動画サイトYouTubeでは、字幕をONにするとロケ地が表示されるようになっており、日本語と英語に対応しています。また、「シンフロ」の公式サイトは日本語のほか英語・韓国語・中国語(簡体字・繁体字)・タイ語に対応しており、インバウンド対応もしっかりとなされています。
"オーケストラ"と"桶"のシュールなコラボレーション動画/松山・道後温泉
松山市が2018年2月に公開したのは道後温泉のPR動画、その名も「桶ストラ」です。“オーケストラ”と風呂“桶”がかけられていて、利用客が道後温泉を楽しむ様子がオーケストラと桶を使って表現されている動画です。

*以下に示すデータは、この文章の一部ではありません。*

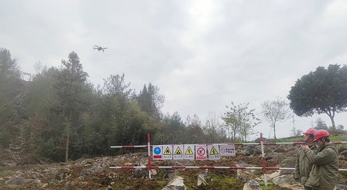 中國電力網(wǎng)訊 12月8日,在湖北省建始縣花坪鎮(zhèn)三岔槽村,湖北送變電工程有限公司恩施東-朝陽500千伏線路工程(恩施段)項目工人們翻山越嶺奔赴(T53號)基礎(chǔ)施工場,他們?nèi)讨坦呛L(fēng),運用無人機對電網(wǎng)施工點位開展安全巡查,助力工程建設(shè)平穩(wěn)推進。(郭秀春、郭暉)

動画には、2017年12月にグランドオープンした「道後温泉別館 飛鳥乃湯泉」をはじめ利用客が道後温泉を楽しむ様子が映ります。利用客は、オーケストラの演奏に合わせて風呂桶を叩きます。外国人にも道後温泉の魅力をイメージしてもらいやすくするために音声はほとんど使用していないということで、管弦楽団ならぬ“歓迎楽団”の奏でるウィンナー・ワルツと風呂桶のコラボレーション音楽がメインになっています。
この動画は、四国のクリエーターで構成された「クリエーターズクラブ愛媛(CCE)」が主催する公開審査会「CCE AWARD 2018」で準グランプリのCCE賞を受賞しました。リズミカルな表現が多い中、ゆったりとしたリズムが道後温泉の雰囲気と重なり、魅力的に仕上がっているところが評価されたということです。
この動画は、2018年3月に札幌市内で開催された「松山の物産と観光展」で放映されました。今後は各種イベントでPR素材として使用したり、メディアに利用してもらったりして、インバウンドも視野に入れながら国内外に道後温泉の魅力を伝えていくということです。